Entonces Jovita dejó el
pantalón a un lado de la cama, para sacar de su armario, del que sí era de
ella, el álbum fotográfico de la familia; con nostalgia miró cada una de las
fotografías. Aquí donde estaban juntos en el ‘Cocotero Dancing Club’. Él,
elegantemente vestido de traje oscuro, de bigote espeso y cuidado; ella
esbelta, de falda a la rodilla y embarrada en las caderas. Después las fotos de
la boda en San Andrés, la luna de miel en el Acapulco de antaño, cuando el agua
de la orilla no se veía achocolatada, y las conchitas de mar se encontraban con
facilidad. Llegó hasta las fotos de los hijos, Marcela y Pedro. Por un momento
los ojos se le arrasaron de lágrimas, pero pudo contenerse; incluso pudo
aguantar el piquete inmenso en el pecho y que la hizo gemir un poco. Pero
Jovita siguió rememorando cada instante lejano, cada acción remitida. Quiso
castigarse un instante pensando en Pedro, que no había ido a verla desde hacía
dos años por el trabajo; y de Marcela, muerta y enterrada en Cancún desde
hacía quince.
Después de las fotos de
Pedro en la universidad, el álbum estaba lleno de espacios vacíos. Alguna
fotografía aparecía como la gota extraviada de una lluvia que cae en una ciudad
cercana. Y en esas, las arrugas más evidentes. Aún así, Jovita se preguntaba y
buscaba entre ellas el momento exacto en que se había hecho vieja junto con su
‘Goyo’. Volteó hacia la cama, y ahí estaba él, tranquilo, callado como cuando
leía el periódico y sólo gritaba encanijado cuando sus pinches chivas habían
perdido, o de júbilo si su rebaño sagrado había ganado en el último minuto. Ahí
estaba él, ausente y no.
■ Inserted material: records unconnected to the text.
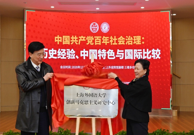 中国社会科学院大学首席教授程恩富、上海外国语大学校党委副书记王静为上海外国语大学马克思主义学院“创新马克思主义研究中心”揭牌。“创新马克思主义研究中心”以中国特色社会主义理论,特别是习近平新时代中国特色社会主义思想为指导,旨在从学理上阐释作为党和国家指导思想的马克思主义理论,发展和宣传作为学术思想的马克思主义理论,逐步建成在国内有学术影响力的科研创新团队,增强上海外国语大学马克思主义理论学科的综合实力。
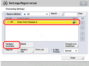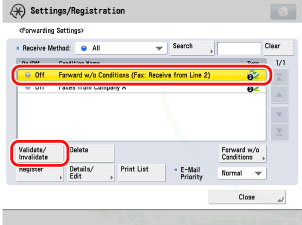 Select the registered forwarding condition → press [Validate/ Invalidate] to set the forwarding condition to 'On'.
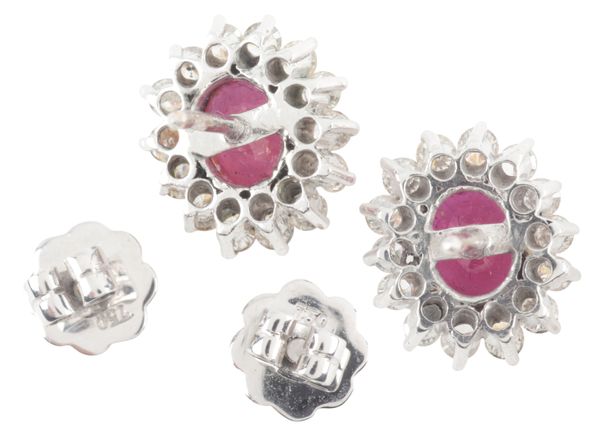 the oval mixed cut rubies c. 7.9mm x 6.18cmm, each surrounded by fourteen round brilliant cut diamonds, total diamond weight c. 0.84 carats, overall c. 14mm x 11mm, the scroll back butterfly stamped 750, the setting surface testing as 18ct, c. 5.5 grams gross weight
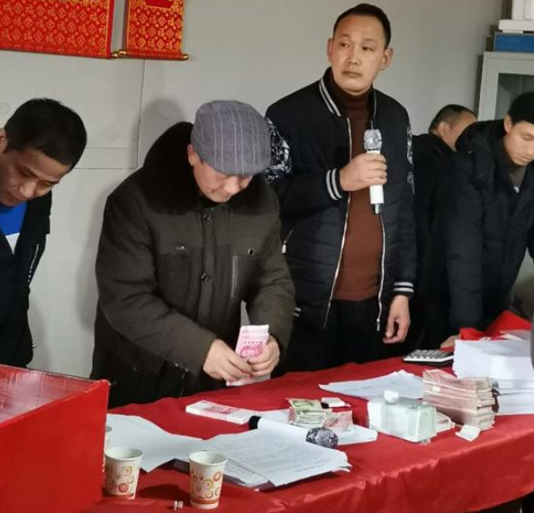 夾山鎮(zhèn)楊坪社區(qū)楊坪一組“騰達(dá)土地專業(yè)合作社”2019年年終分紅現(xiàn)場(chǎng)。受訪者供圖
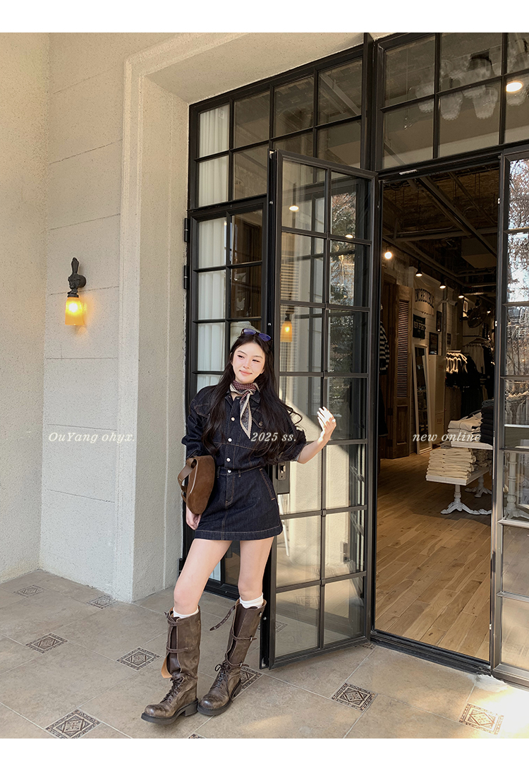 精裁衬衫牛仔裙型 生动演绎VTG街头型格
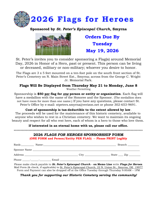 The April Outreach is the “First State Animal Shelter”, Below is a list of items needed by the shelter or monetary donations can be made (checks need to be made out to St. Peter’s Church with “First State Animal Shelter” in the memo line). All donations can be brought in on Sundays or brought to the church during office hours (Tues-Thurs 9AM to 1PM). Wish List Can Cat Food Pate, Clumping Cat litter, Cat Toys, Can Dog Food, Hard Chew Toys, Dog Treats, Clorox Wipes, Dish Soap, Bleach, Paper Towels Toilet Paper, Any size Trash Bags, Liquid Laundry Detergent, Dryer Sheets, Dish Sponges, Towels, wash clothes & Blankets |

Como antes, como ayer mismo cuando compartían el
desayuno, la sala, el comedor, la recámara y la cama. Como cuando compartían la
hora de dormir, mas no el sueño. A Jovita se le quitó un poco la nostalgia al
recordar que, a pesar de que dormían juntos, cada cual lo hacía mirando hacia
otro lado, y hacía mucho tiempo habían perdido la intención de calentarle los
pies al otro.
Cerró el álbum, y con
esfuerzos terminó de cambiarle el pantalón a Gregorio, sus calcetines con
agujeros, y de ponerle unos zapatos bostonianos negros, sin campanitas en el
frente.
Fue por
los cirios que tenía guardados para cuando se iba la luz, y puso uno en cada
esquina de la cama, sobre platitos de aluminio, circundando los cirios con
agua. Apagó las luces y, sentada a un lado de su marido, le tomó las manos
heladas. Le rezó siete ‘Padres Nuestros’, tres ‘Aves Marías’, dos ‘Credos’, un
‘Gloria a ti, Señor’. Un ‘Espérame Pronto’ fue lo último que dijo antes del
Amén. Se quedó mirando fija la cara de Gregorio, y lo vio joven y hermoso como
antes, como cuando lo amaba y extrañaba en esas noches en que se le iba de la
casa, y le regresaba con labios pintados en las mejillas. Se le quedó mirando
como si quisiera reprocharle algo. Quiso reclamarle tanto, decirle del odio de
sentirse sola todos estos últimos años, aun y con él caminando por la casa. Y
no pudo. Apenas pensó en un ‘Te quiero’, pero fue un ‘Te perdono’ lo que salió
de su boca; Un perdón sincero, tibio, que le provocó a Jovita una lágrima que
le llegó hasta sus labios delgados y cenizos.
Le besó
la frente al viejo, justo donde se hace la cruz al persignarse. Jovita fue
hasta la mesa donde habían cenado la noche anterior. Tomó el vaso donde le había
servido la leche a su marido en la cena, y lo lavó hasta tres veces para
quitarle ese aroma y saborcito raro que Gregorio le había encontrado a la leche
cuando la bebió.
– Se ha
de estar agriando. Ya tómala, Goyo, y no reniegues – había dicho Jovita, y Goyo
se calló, la bebió toda y prefirió no discutir con su mujer, porque entonces no
lo dejaría ver a gusto el noticiario. Después de la cena, Gregorio sintió el
estómago revuelto y uno que otro mareo y, sin decirle palabra a Jovita –como
siempre-, se fue a la cama sin ver la televisión. Jovita sí miró las noticias.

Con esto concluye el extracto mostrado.